It feels strange to say in a week where US indices like the Dow, S&P 500 and NASDAQ all reached new all-time highs but equity market action has been choppy this week, and it still feels like trading across asset classes may be entering a time of transition.

Performance across equity markets has been mixed. On the one hand, the Nikkei hit 40,000 for the first time in decades, on the other, Chinese equities continued their selloff. Following Tuesday’s selloff and Wednesday’s rebound, US indices are only up marginally over the week while Canada has actually performed a bit better. Most indices around the world are flat to up 2.0% from a week ago.

Out of the eleven primary sectors, seven are up over the last week, four are down. Leading groups include Real Estate, Utilities, Technology, Materials, and Energy, while laggards include Communications and Consumer Discretionary. Interest rate sensitive groups rebounded after a Fed official suggested the potential for changes to the Fed’s asset sale program (Quantitative Tightening) to potentially steepen the yield curve. As a result of Fed speculation in the asset side, treasury yields have been coming down this week even though central bankers at the Fed, the European Central Bank, and the Bank of Canada indicated that they have no plans to cut interest rates any time soon although later this year remains possible. The US Dollar has been dropping and Gold has rallied to new all-time highs. Crude Oil and Copper have also been climbing. Meanwhile, speculation has started that the Bank of Japan may finally be getting ready to start raising interest rates which has pushed the Yen up and the Nikkei down overnight. The largest and most violent swings have been in cryptocurrencies where Bitcoin soared to a new all-time high, plunged in a big correction and then rallied again. Earnings from retailers have also sparked several one-day moves of over 10%, a rally for Target, and 10%-plus losses for Nordstrom, Foot Locker and Hugo Boss.

The coming week is potentially a big one as investors try to figure out what the Fed may do about interest rates, quantitative tightening, and bank support (some of the programs enacted to help regional banks a year ago expire this month) at its March 20th meeting.

Tomorrow brings US nonfarm payrolls, Canada jobs and wage inflation, followed on Tuesday by US Consumer Prices and then Producer Prices plus US Retail Sales next Thursday. Today is a busy day for earnings with results due from Broadcom*, Costco and Gap followed by Oracle on Monday and Adobe on Wednesday. In this edition of Equity Leaders Weekly, we look at what breakouts by Crude Oil and Gold are telling us about inflation, investor sentiment and capital flows.

*Shares of Broadcom are held in some portfolios managed by SIA Wealth Management.

Crude Oil Continuous Contract (CL.F)

Gold (GC.F) has broken out to a new all-time high this week, continuing an upward trend that started back in October.

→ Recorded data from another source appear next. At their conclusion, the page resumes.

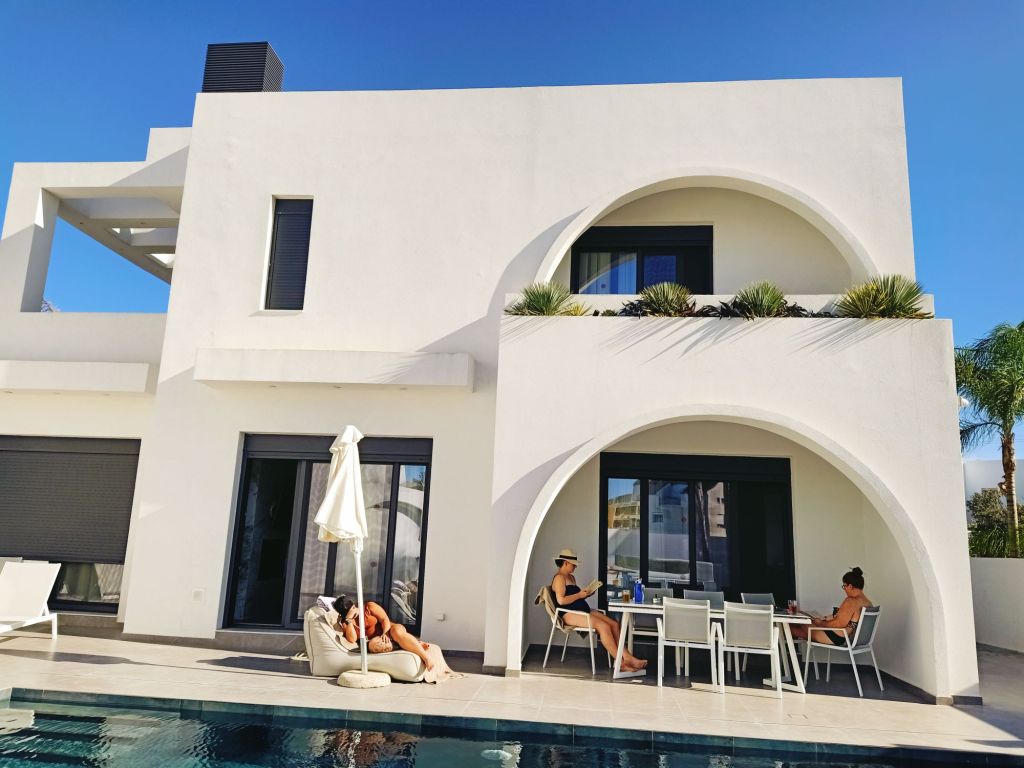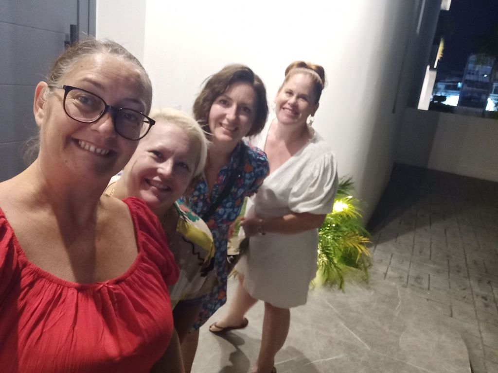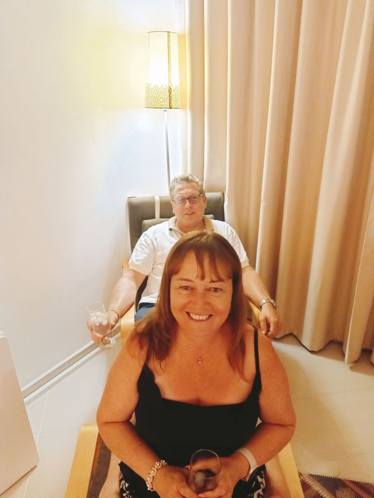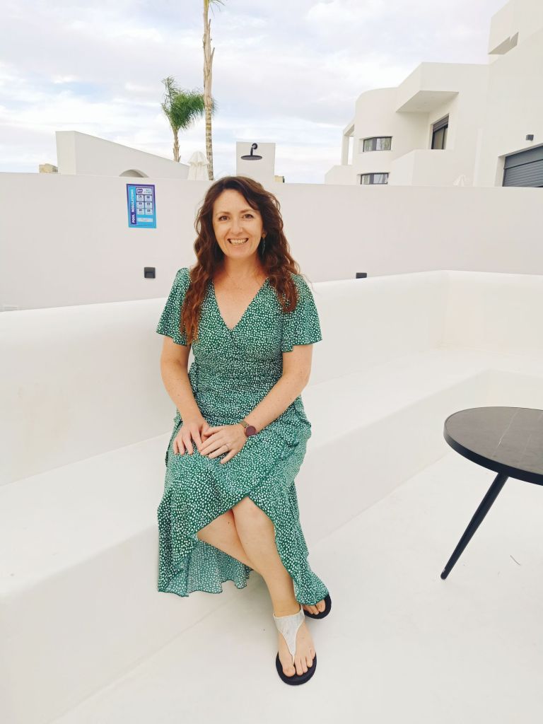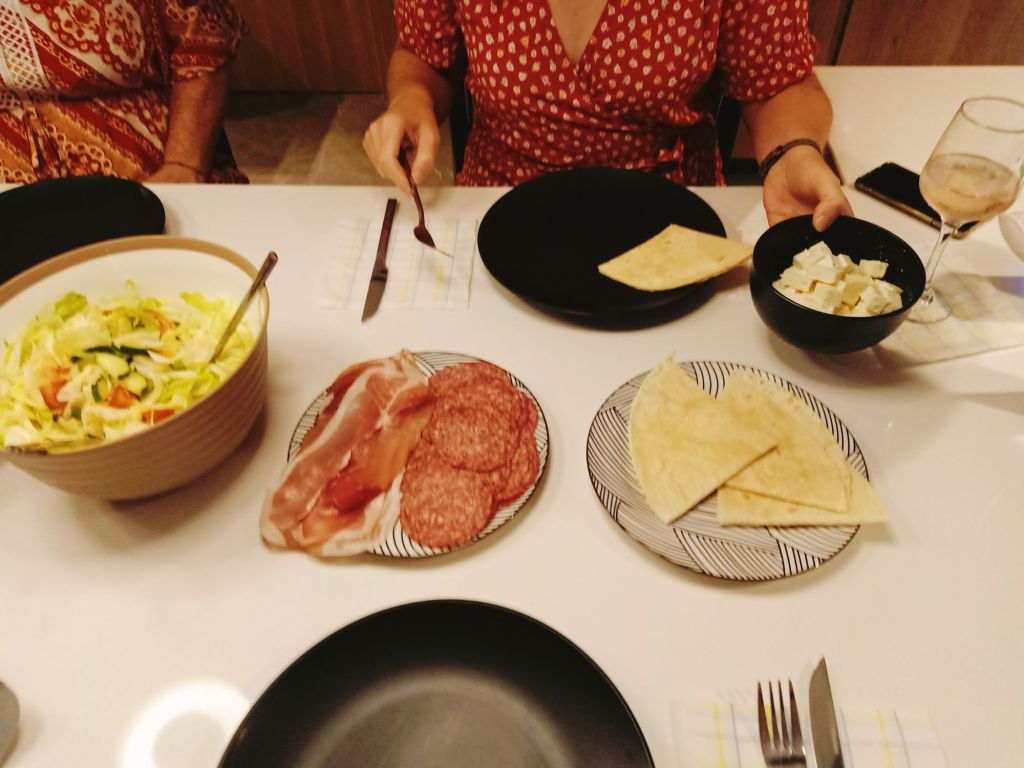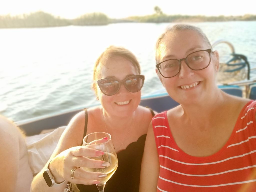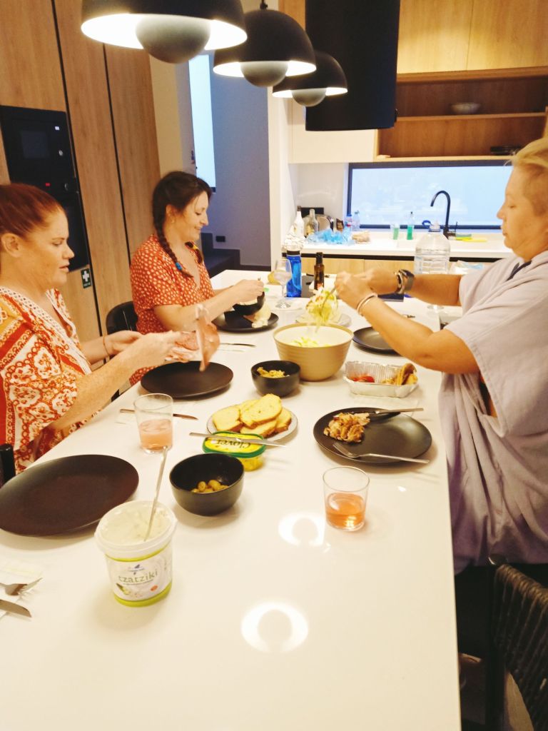 On the way back to the villa, we called at the supermarket for provisions too. Back ‘home’ I did a bit more work while the girls relaxed by the pool. I was happy to close the laptop and join them for crisps and a wine in the early evening. One of our other friends, Liz, was on her flight to come and join us. We were looking out for her plane, which would be flying directly above us. As we were waiting, we got a bit peckish and started our buffet for dinner, Kelly plated up some for Liz so that we didn’t eat it all. Clare took a video of the BA plane which Liz was on as she came in to land and we were all super excited when she arrived. There were hugs, tears and extraordinary footwear. Wine was had but not the fizz in the fridge as that was for when we went in the Jacuzzi in the main bedroom – oh wow, I hadn’t realised there was one! The rosé wine Clare and I had bought went down a treat and I even got to wear some fancy shoes of Liz’s while we caught up on her news. It was like having the band back together and I was so happy that Liz got the short straw and had to share my twin room for the next 4 nights.
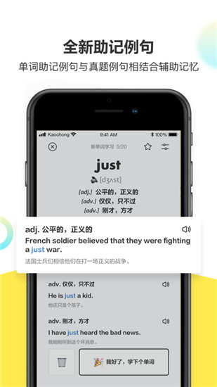 3.在学习过程中搭配有精心撰写、筛选的助记与真题例句。助记例句可帮助考生直观快速理解词义,提升记忆效率。真题例句可让考生迅速了解该词在考研真题中的考法,了解真题原貌。成功做到在快速记忆背单词的同时,更能提升真题语感。
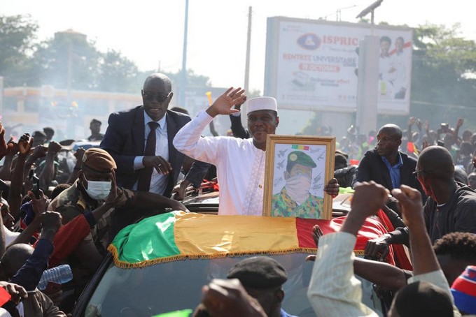 وتجمعت حشود غفيرة بين مطار “سينو” حيث حطت طائرة مايغا، وقصر كولوبا حيث استقبل من طرف الرئيس الانتقالي عاصيمي غويتا.
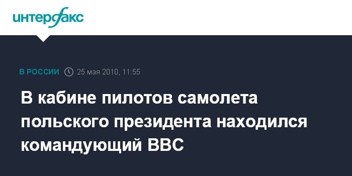 В кабине пилотов самолета польского президента находился командующий ВВС
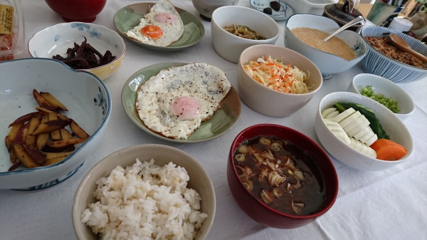 そんな私のつぶやきを聞いて、だーりんが私の目玉焼きの白身を多くしてくれました。その代わりにだーりんは黄身が2個です。
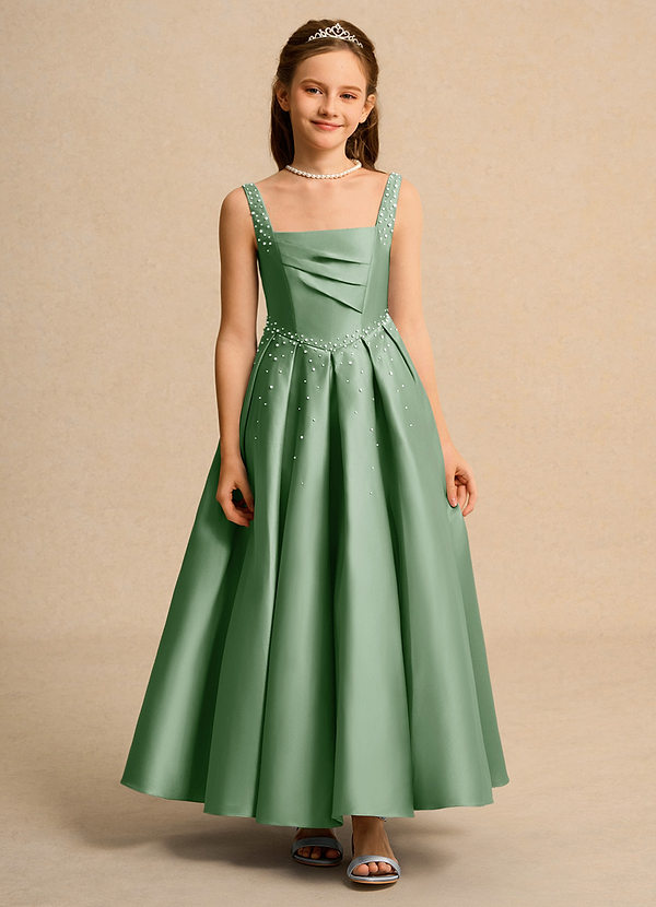 Vestido Matchá de Cetim fosco de Linha A com Plissado
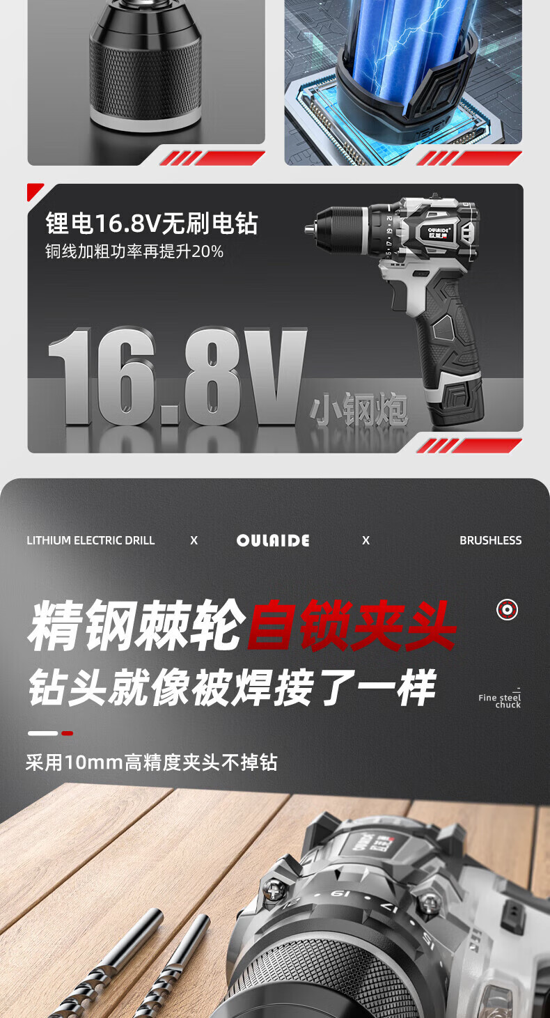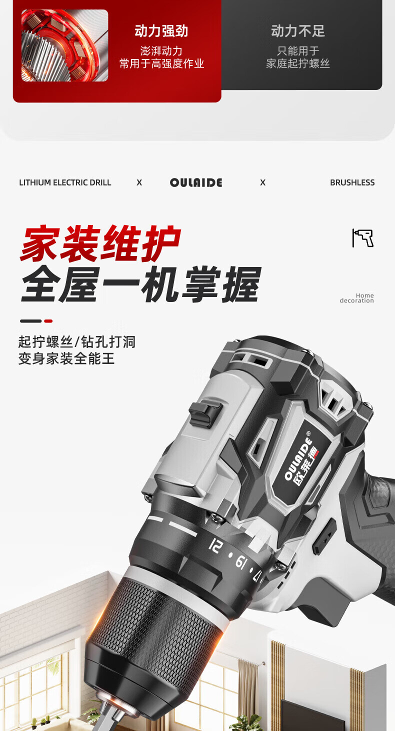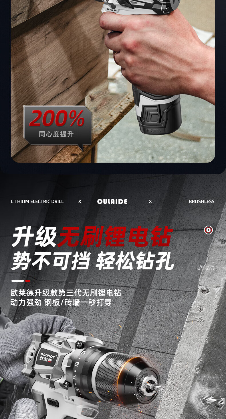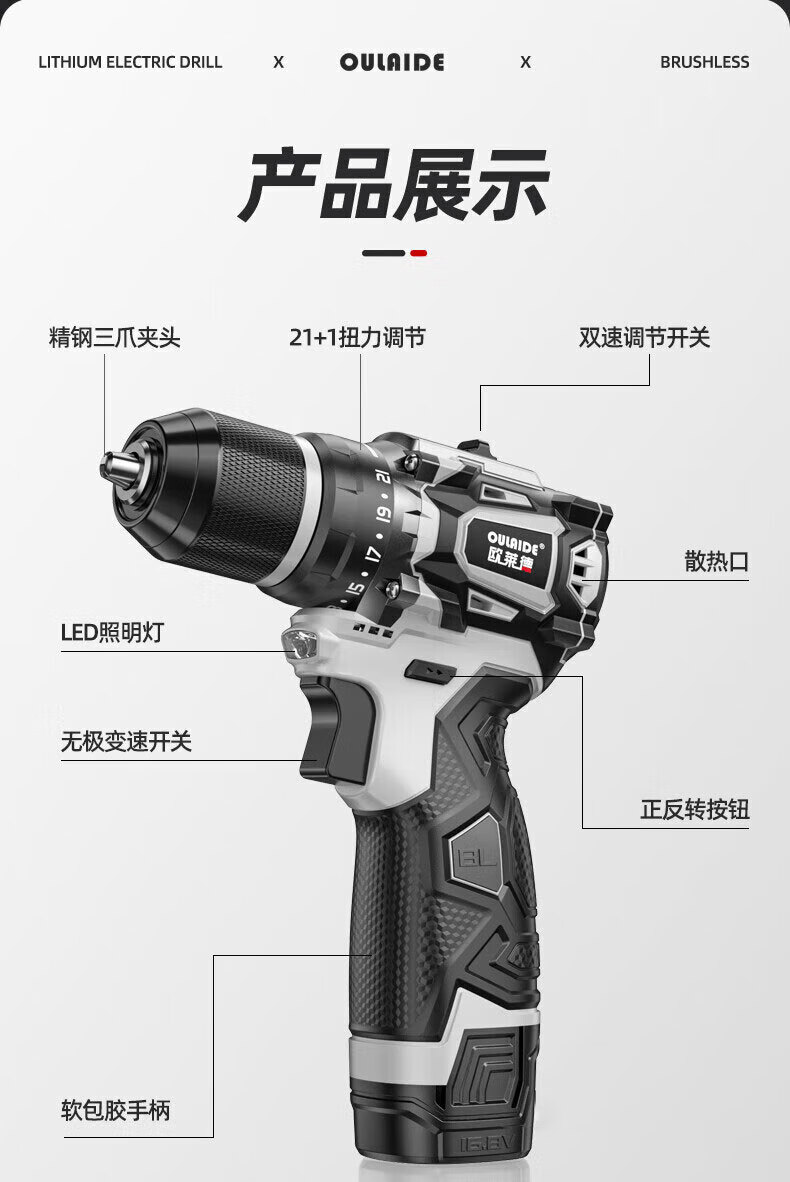 OLED brushless electric drill hand drill small steel cannon high-power rechargeable lithium electric drill electric screwdriver machine can knock the ceiling brushless steel cannon second wear version
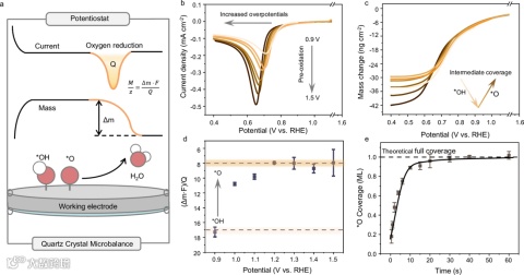 图4. EQCM识别预氧化界面上的吸附氧物种。a. 通过EQCM对吸附物种进行表征的溶出伏安法示意图;b. 不同电位预氧化后的氧物种还原峰;c. 不同电位预氧化后的界面质量变化;d. 不同预氧化电位下形成的氧中间体的质量变化与电子转移比;e. 在1.2 V下,预氧化时间和*O覆盖度之间的关系。
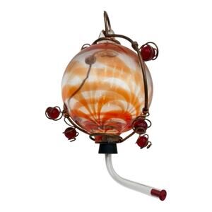 Orange Swirl Blown Glass Copper Hanger Hummingbird Feeder Runner Stopper EUC
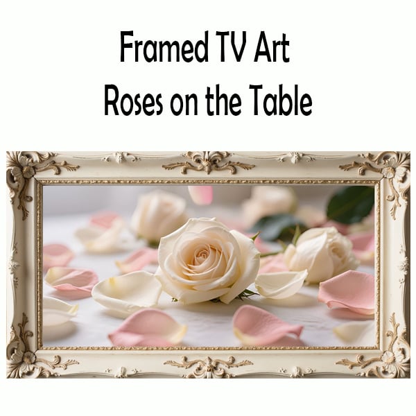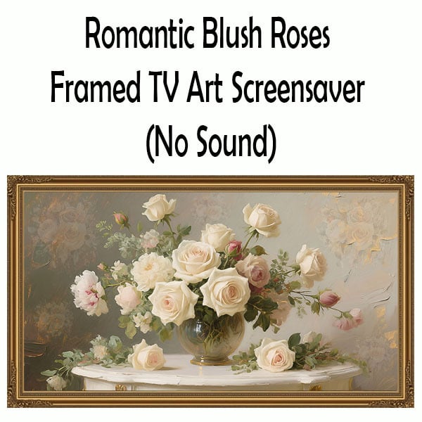 Blush Roses Oil Painting Framed TV Art | Elegant Floral Home Decor Ambience

Prior to this recent breakout, Gold had been stuck in a sideways trading range since the summer of 2020.

There are a number of factors potentially supporting a gold rally including:1) Weakness in the US Dollar. Gold’s nemesis, the greenback, has been trending downward in recent months alongside falling treasury yields.

2) Gold has historically been seen as a safe haven in times of turmoil, especially financial. In addition to ongoing political uncertainty around elections and wars, the same uncertain forces which have been dragging on bank stocks over the last year, have put a tailwind behind gold.

3) Gold has historically been seen as a hedge against inflation. With Crude Oil trading back up above $80.00/bbl and copper on the rebound as well, investors may be starting to move capital back into Gold.

One potential headwind remains however, and that is cryptocurrencies. New Crypto ETFs and the increased alternative currency demand which has driven Bitcoin to new all-time highs may be a headwind for Gold. On the other hand, another crypto meltdown could become a tailwind.

Gold recently staged a bullish Triple Top breakout that completed a bullish Ascending Triangle pattern. Next potential resistance tests on trend appear near $2,250.00 based on a vertical count, and then $2,320.00 based on a horizontal count. Initial support appears near $2,058 based on a 3-box reversal, then the $2,000 round number.